Aim for an exact copy of the listing, without any images.

··· RECORD EXTRACTS ···

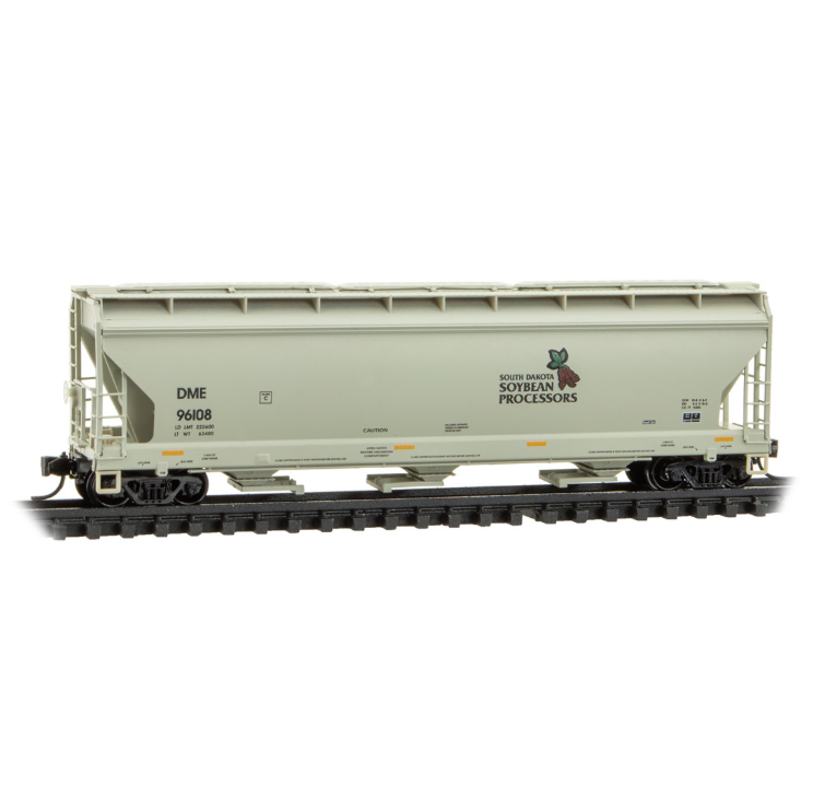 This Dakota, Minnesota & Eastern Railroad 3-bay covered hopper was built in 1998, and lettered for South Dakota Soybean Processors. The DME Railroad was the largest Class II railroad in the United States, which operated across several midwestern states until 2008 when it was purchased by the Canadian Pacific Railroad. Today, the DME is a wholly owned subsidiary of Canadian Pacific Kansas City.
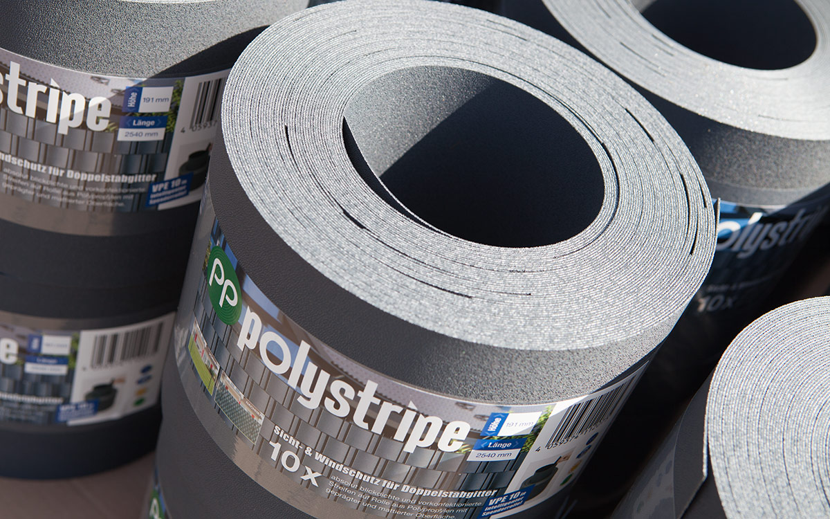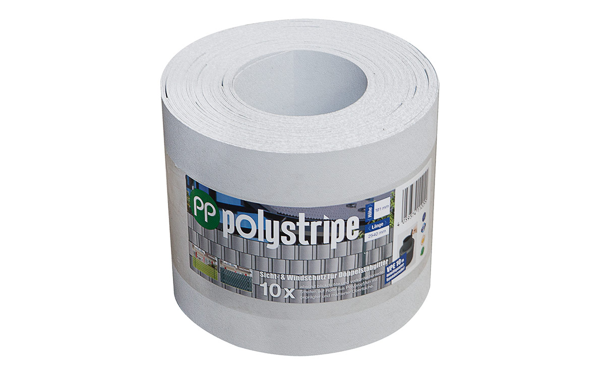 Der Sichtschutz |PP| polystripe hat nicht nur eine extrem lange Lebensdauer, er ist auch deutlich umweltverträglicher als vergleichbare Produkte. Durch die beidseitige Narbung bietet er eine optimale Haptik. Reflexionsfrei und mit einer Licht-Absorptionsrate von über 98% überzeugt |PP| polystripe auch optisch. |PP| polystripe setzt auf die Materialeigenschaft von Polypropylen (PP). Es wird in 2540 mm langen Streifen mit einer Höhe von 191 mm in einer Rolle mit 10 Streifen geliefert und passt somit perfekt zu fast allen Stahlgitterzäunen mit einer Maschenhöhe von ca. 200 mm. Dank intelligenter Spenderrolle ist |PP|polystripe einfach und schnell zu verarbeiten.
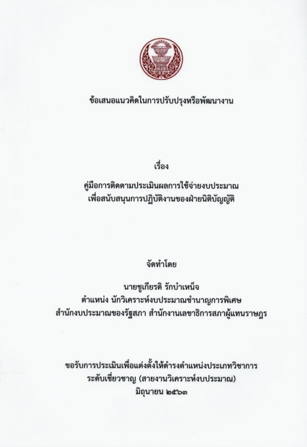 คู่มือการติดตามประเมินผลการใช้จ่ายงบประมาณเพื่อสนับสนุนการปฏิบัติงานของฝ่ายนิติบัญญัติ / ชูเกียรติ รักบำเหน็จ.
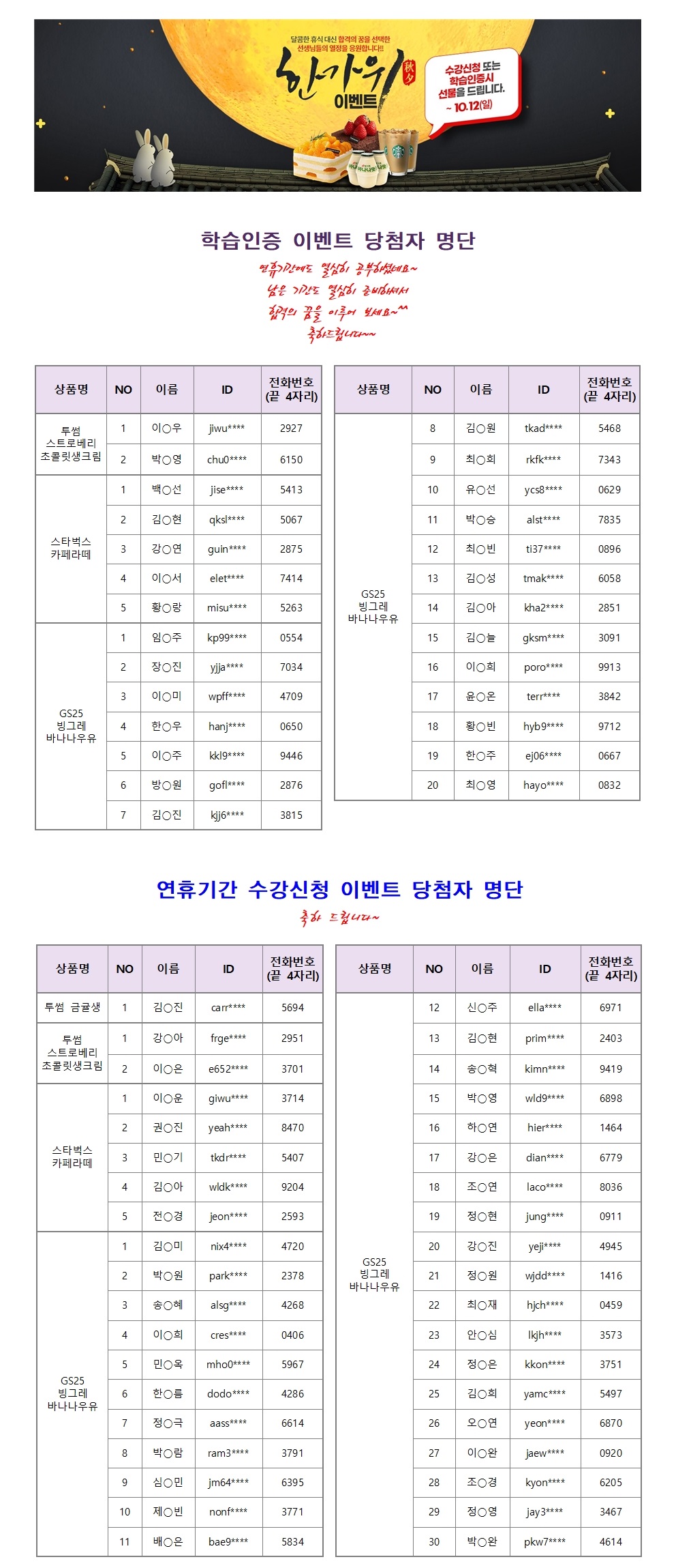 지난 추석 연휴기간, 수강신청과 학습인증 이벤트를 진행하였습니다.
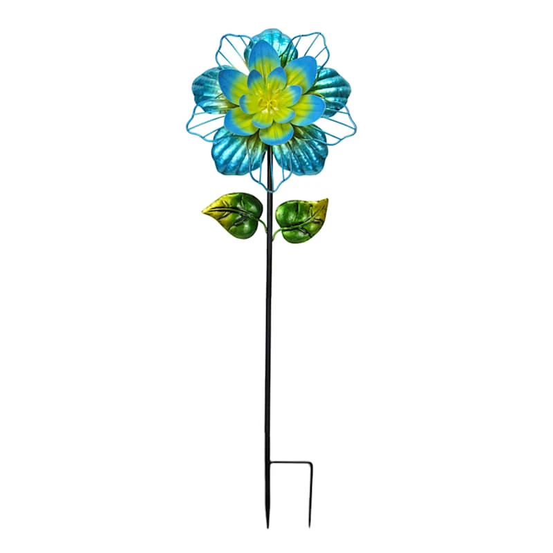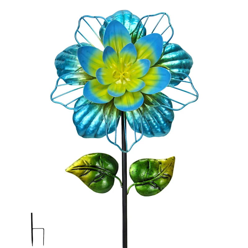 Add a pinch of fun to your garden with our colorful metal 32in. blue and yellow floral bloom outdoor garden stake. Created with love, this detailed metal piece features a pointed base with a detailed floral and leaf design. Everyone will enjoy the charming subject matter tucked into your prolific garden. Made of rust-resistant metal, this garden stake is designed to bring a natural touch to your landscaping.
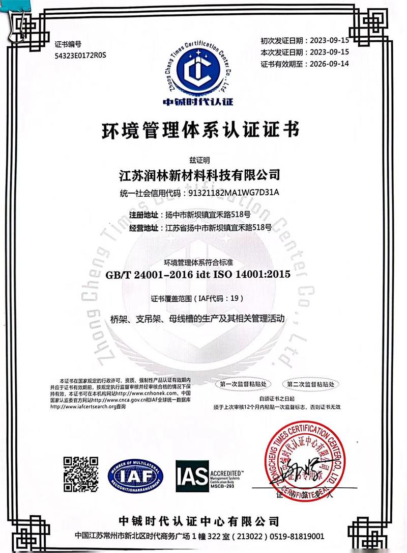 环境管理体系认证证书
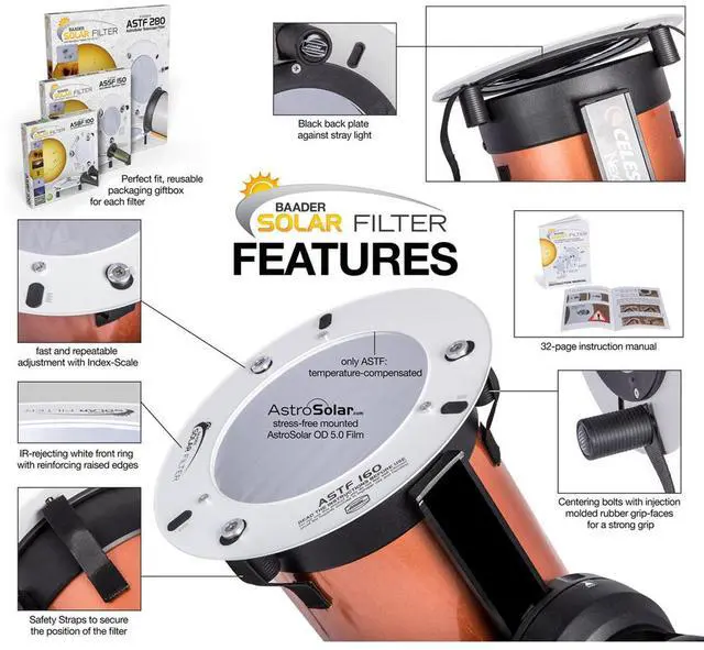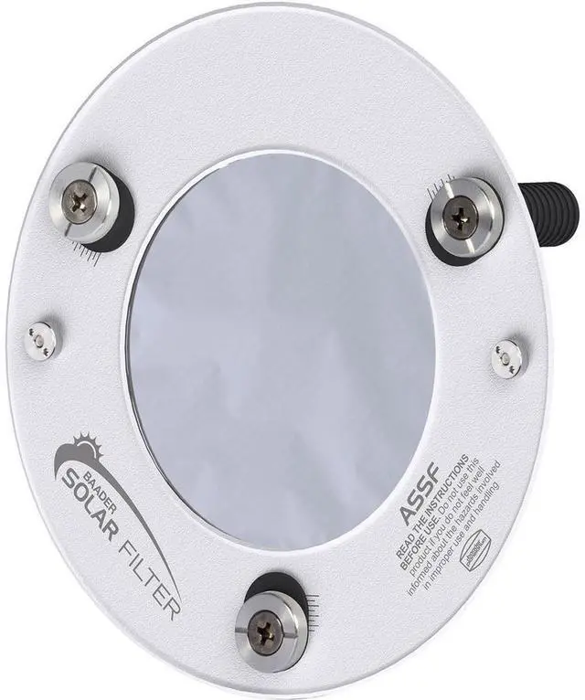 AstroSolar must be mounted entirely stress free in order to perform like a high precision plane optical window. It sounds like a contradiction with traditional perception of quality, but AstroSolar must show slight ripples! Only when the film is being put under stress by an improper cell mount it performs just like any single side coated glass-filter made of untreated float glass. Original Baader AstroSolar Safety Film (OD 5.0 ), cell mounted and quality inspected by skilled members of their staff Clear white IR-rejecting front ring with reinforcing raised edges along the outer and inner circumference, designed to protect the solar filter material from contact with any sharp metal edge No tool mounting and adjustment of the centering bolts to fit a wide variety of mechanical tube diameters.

···

(ANSWER TO THE EXERCISE):
 This Dakota, Minnesota & Eastern Railroad 3-bay covered hopper was built in 1998, and lettered for South Dakota Soybean Processors. The DME Railroad was the largest Class II railroad in the United States, which operated across several midwestern states until 2008 when it was purchased by the Canadian Pacific Railroad. Today, the DME is a wholly owned subsidiary of Canadian Pacific Kansas City.
 Der Sichtschutz |PP| polystripe hat nicht nur eine extrem lange Lebensdauer, er ist auch deutlich umweltverträglicher als vergleichbare Produkte. Durch die beidseitige Narbung bietet er eine optimale Haptik. Reflexionsfrei und mit einer Licht-Absorptionsrate von über 98% überzeugt |PP| polystripe auch optisch. |PP| polystripe setzt auf die Materialeigenschaft von Polypropylen (PP). Es wird in 2540 mm langen Streifen mit einer Höhe von 191 mm in einer Rolle mit 10 Streifen geliefert und passt somit perfekt zu fast allen Stahlgitterzäunen mit einer Maschenhöhe von ca. 200 mm. Dank intelligenter Spenderrolle ist |PP|polystripe einfach und schnell zu verarbeiten.
 คู่มือการติดตามประเมินผลการใช้จ่ายงบประมาณเพื่อสนับสนุนการปฏิบัติงานของฝ่ายนิติบัญญัติ / ชูเกียรติ รักบำเหน็จ.
 지난 추석 연휴기간, 수강신청과 학습인증 이벤트를 진행하였습니다.
 Add a pinch of fun to your garden with our colorful metal 32in. blue and yellow floral bloom outdoor garden stake. Created with love, this detailed metal piece features a pointed base with a detailed floral and leaf design. Everyone will enjoy the charming subject matter tucked into your prolific garden. Made of rust-resistant metal, this garden stake is designed to bring a natural touch to your landscaping.
 环境管理体系认证证书
 AstroSolar must be mounted entirely stress free in order to perform like a high precision plane optical window. It sounds like a contradiction with traditional perception of quality, but AstroSolar must show slight ripples! Only when the film is being put under stress by an improper cell mount it performs just like any single side coated glass-filter made of untreated float glass. Original Baader AstroSolar Safety Film (OD 5.0 ), cell mounted and quality inspected by skilled members of their staff Clear white IR-rejecting front ring with reinforcing raised edges along the outer and inner circumference, designed to protect the solar filter material from contact with any sharp metal edge No tool mounting and adjustment of the centering bolts to fit a wide variety of mechanical tube diameters.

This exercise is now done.